→ **Data supplied**

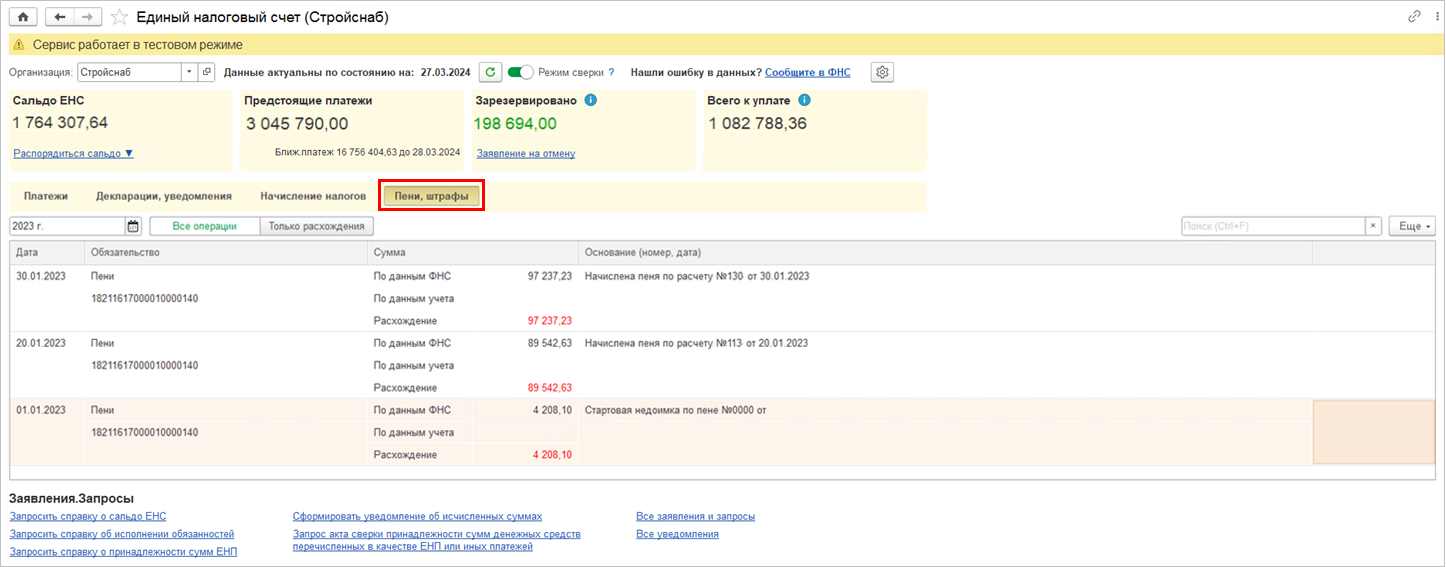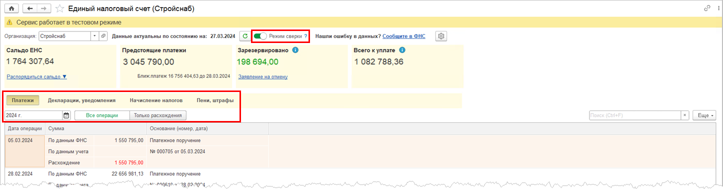 В рабочем месте Единый налоговый счет добавлен переключатель Режим сверки. Если указанный переключатель отключен, тогда рабочее место работает в режиме отображения текущего состояния расчетов на ЕНС по данным ФНС.
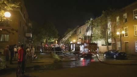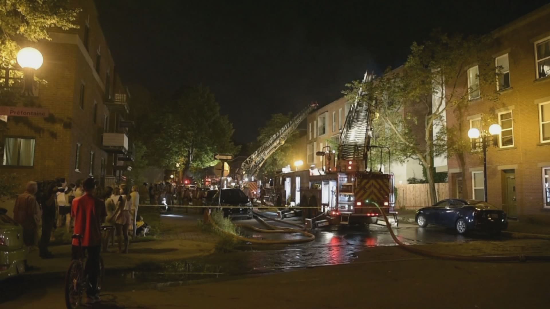 The blaze started at 3:15 a.m. on the roof of the three-storey building, which is located on Rouville Street near Préfontaine Street.
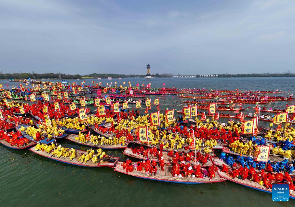 A drone photo taken on April 6, 2026 shows boats competing during the Qintong Boat Festival held at the Qinhu National Wetland Park in Qintong Town of Taizhou City, east China's Jiangsu Province. Originating in ancient China's Southern Song Dynasty (1127-1279), the Qintong Boat Festival has been said to be held in memory of ancestors and ancient heroes. Hundreds of boats with more than 10,000 polers aboard gathered here on Monday for this year's festival, during which each boat competed in a speed challenge. This centuries-old grand water festival was listed as one of the country's national intangible cultural heritages. (Photo by Tang Dehong/Xinhua)
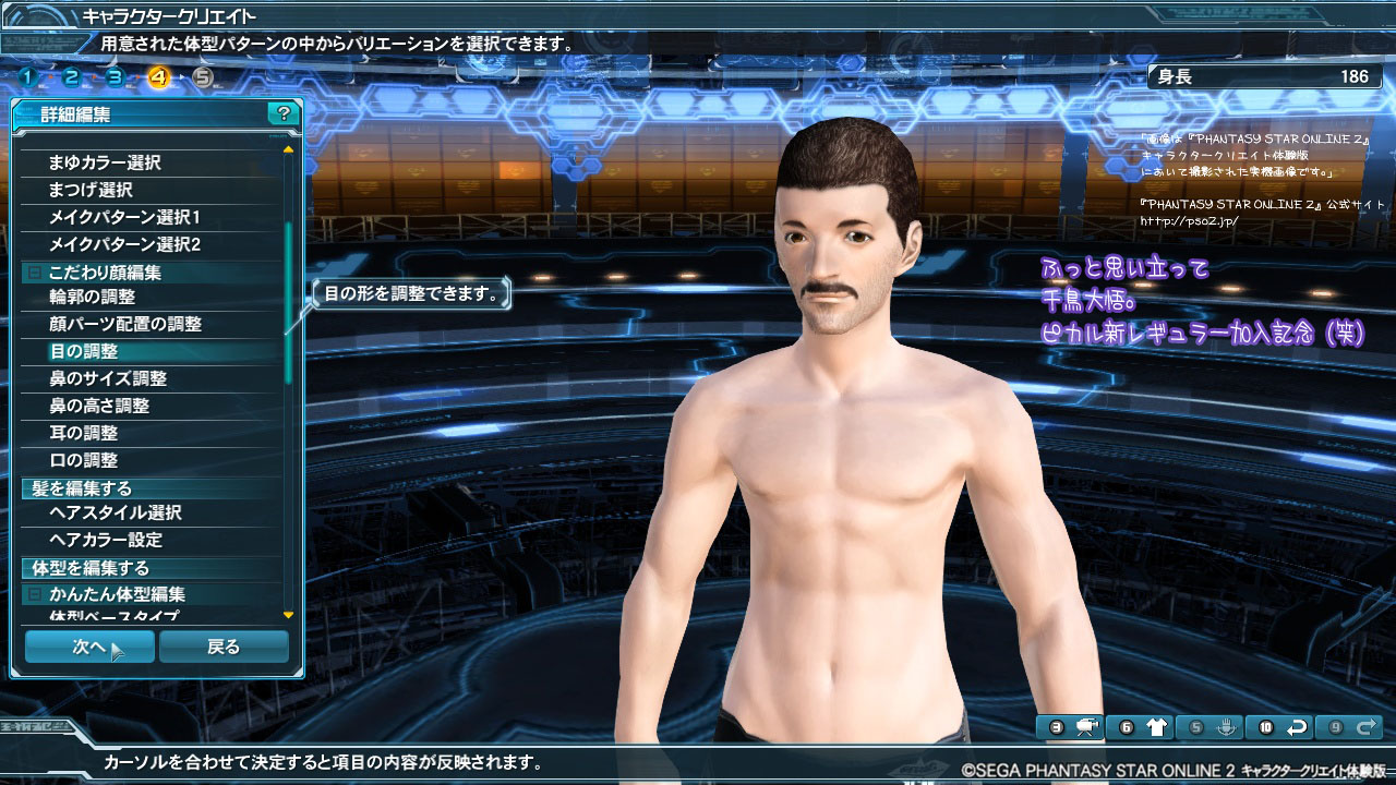 現在PSO2サイトで無料配布中のキャラクリ体験ゲーム(ベンチマーク付)。
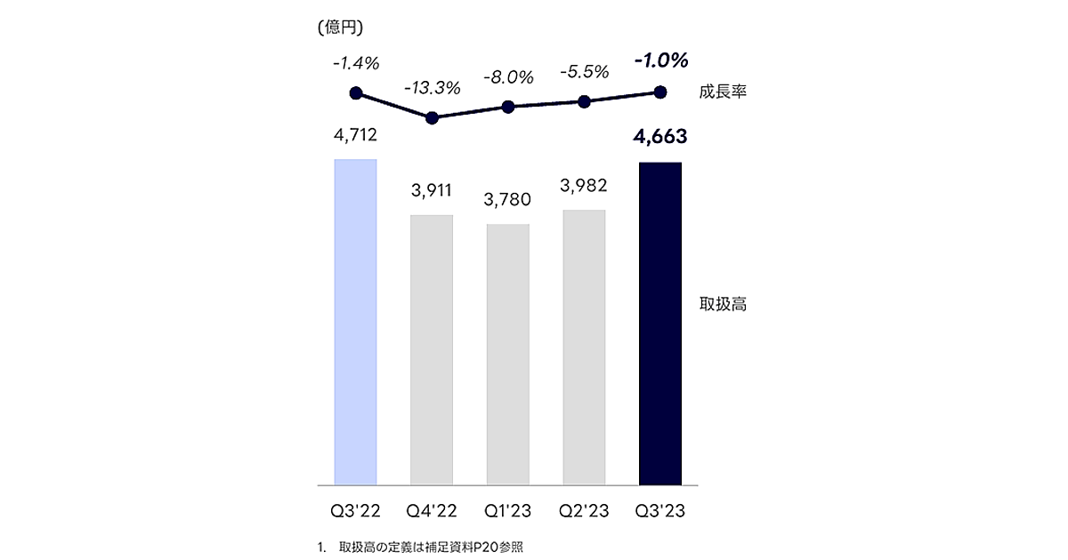その影響を受け、ショッピング事業の成長率は2022年10-12月期(2023年第3四半期)に前年同期比1.4%減でマイナス成長に転じた(取扱高は4712億円)。その後、2023年1-3月期(同第4四半期)は同13.3%減の3911億円、2023年4-6月期(第1四半期)は同8.0%減の3780億円、2023年7-9月期(第2四半期)は同5.5%減の3982億円。直近の2023年10-12月期(第3四半期)は同1.0%減の4663億円と推移してきた。

→ **Aim of the task**
With the pictures left out, give again exactly the lines from the one with "現在PSO2サイトで無料配布中のキャラクリ体験ゲーム(ベンチマーク付)。" through the end of the data, both included.

→ **Answer below**
 現在PSO2サイトで無料配布中のキャラクリ体験ゲーム(ベンチマーク付)。
その影響を受け、ショッピング事業の成長率は2022年10-12月期(2023年第3四半期)に前年同期比1.4%減でマイナス成長に転じた(取扱高は4712億円)。その後、2023年1-3月期(同第4四半期)は同13.3%減の3911億円、2023年4-6月期(第1四半期)は同8.0%減の3780億円、2023年7-9月期(第2四半期)は同5.5%減の3982億円。直近の2023年10-12月期(第3四半期)は同1.0%減の4663億円と推移してきた。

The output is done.